My server logs had shown some entries that looks like possible attackes from a host called :

knight.wizardshosting.com and IP 64.46.100.36 when I looked up that domain it showed no where to report abusing, and browser came up with nothing on that domain .

Any body heared about wizardshosting.com (wizards with an s) ?
Where could I report such acts ?



Best Regards

3DWizards (NETBLK-DATACOLO-BLK-1) DATACOLO-BLK-1 64.46.96.0 - 64.46.127.255
DataColo (NETBLK-DATACOLO-SERVERS-01) DATACOLO-SERVERS-01
64.46.100.1 - 64.46.100.255

To single out one record, look it up with "!xxx", where xxx is the
handle, shown in parenthesis following the name, which comes first.

(done with "whois ipaddr"), you might want to look up datacolo, but what type of "possible attacks", because people generally wont do much unless its an outright attack.

If it helps, I think CRego3D is from wizardshosting

http://www.webhostingtalk.com/member.php?s=&action=getinfo&userid=376

there ya go, now you're getting somewhere :D

what exacly the "attack" was ?, send me the part of the log and the frequency it occured to carlos@datacolo.com

from my experience sometimes curious users do things they should not (not necessarly on purpose) while playing around on a system they are not familiar with (linux).

Carlos
DataColo

An attack could be considered anything a ping, a traceroute, trying to login via ftp, a bad script anything. If you would please tell us the nature of the attack or do a copy and paste of the log then we can help figure out what is going on.

http://www.wizardshosting.com/

They are one of the sponsorers of this Forum lol, look for their advert on the forums, at the top:

"Wizards hosting caters to all of your hosting needs, from shared hosting, to dedicated servers and reseller plans...."

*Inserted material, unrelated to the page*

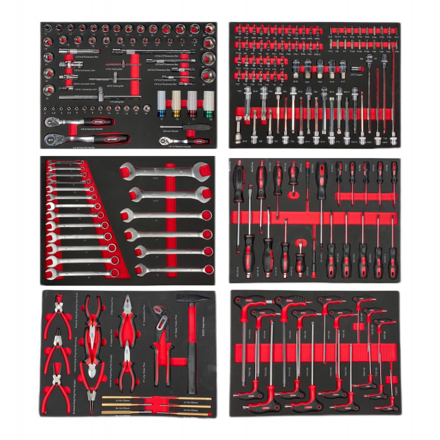 In deze  gereedschapswagen vindt u een uitgebreid 295-delig gereedschapset met onder andere een compleet doppenset met ratels in drie verschillende opnames: 1/2″, 1/4″ en 3/8″. De schroevendraaiers in deze gereedschapswagen zijn van professionele kwaliteit en op de kop voorzien van een zeskant voor extra kracht te zetten met een sleutel of hamer.
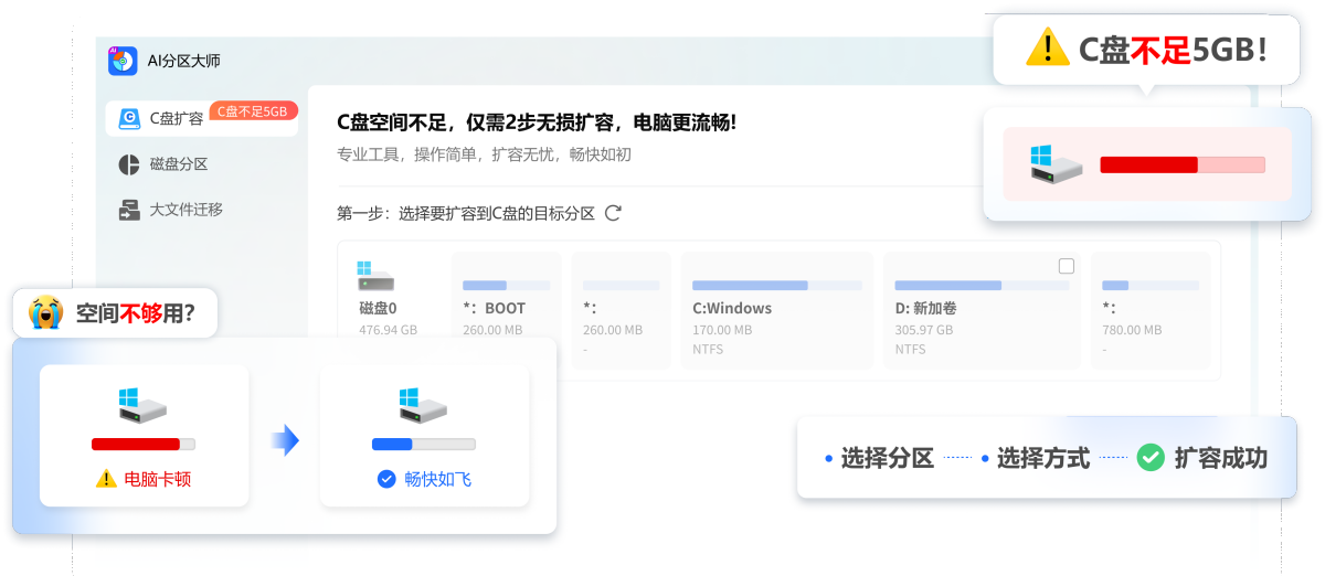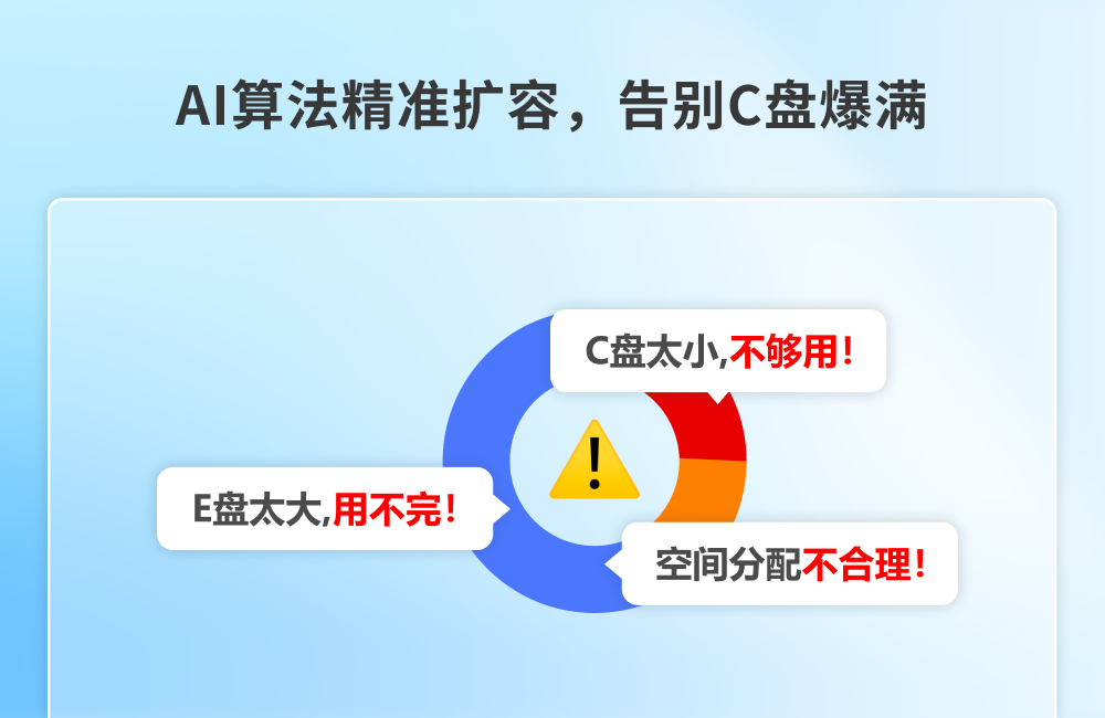 一键解决C盘空间告急!AI深度分析磁盘使用情况,智能推荐最佳扩容方案,精准调整分区大小,无损数据安全,瞬间释放宝贵空间,让系统运行重获流畅。

Originally posted by Fazel3
They are one of the sponsorers of this Forum lol, look for their advert on the forums, at the top:

"Wizards hosting caters to all of your hosting needs, from shared hosting, to dedicated servers and reseller plans...."

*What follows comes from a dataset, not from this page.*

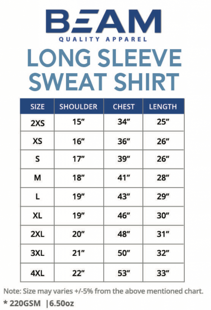 Cotton/Polyester mixture Beam long sleeve sweat shirt. Double needle cuff and waistband for added durability for long term use.

What are you trying to say?

I wasn't trying to say anything at all.... "Any body heared about wizardshosting.com (wizards with an s) ?"


^^ I was replying to the first post, about that ..... the name struck a bell, so i just pointed him to where the advert was.

Here is a portion of my server report :


Active System Attack Alerts
=-=-=-=-=-=-=-=-=-=-=-=-=-=
Jun 21 11:56:08 localhost portsentry[1174]: attackalert: Connect from host:
knight.wizardshosting.com/64.46.100.36 to TCP port: 111

Security Violations
=-=-=-=-=-=-=-=-=-=
Jun 21 11:56:08 localhost portsentry[1174]: attackalert: Connect from host:
knight.wizardshosting.com/64.46.100.36 to TCP port: 111



Jun 21 11:56:08 localhost portsentry[1174]: attackalert: Connect from host:
knight.wizardshosting.com/64.46.100.36 to TCP port: 111



I hope this will help.

Is that really an attack or a (simple) portscan (which looks like only has happened once since you seem to have quoted the same entry 3 times) performed on Jun 21 11:56:08?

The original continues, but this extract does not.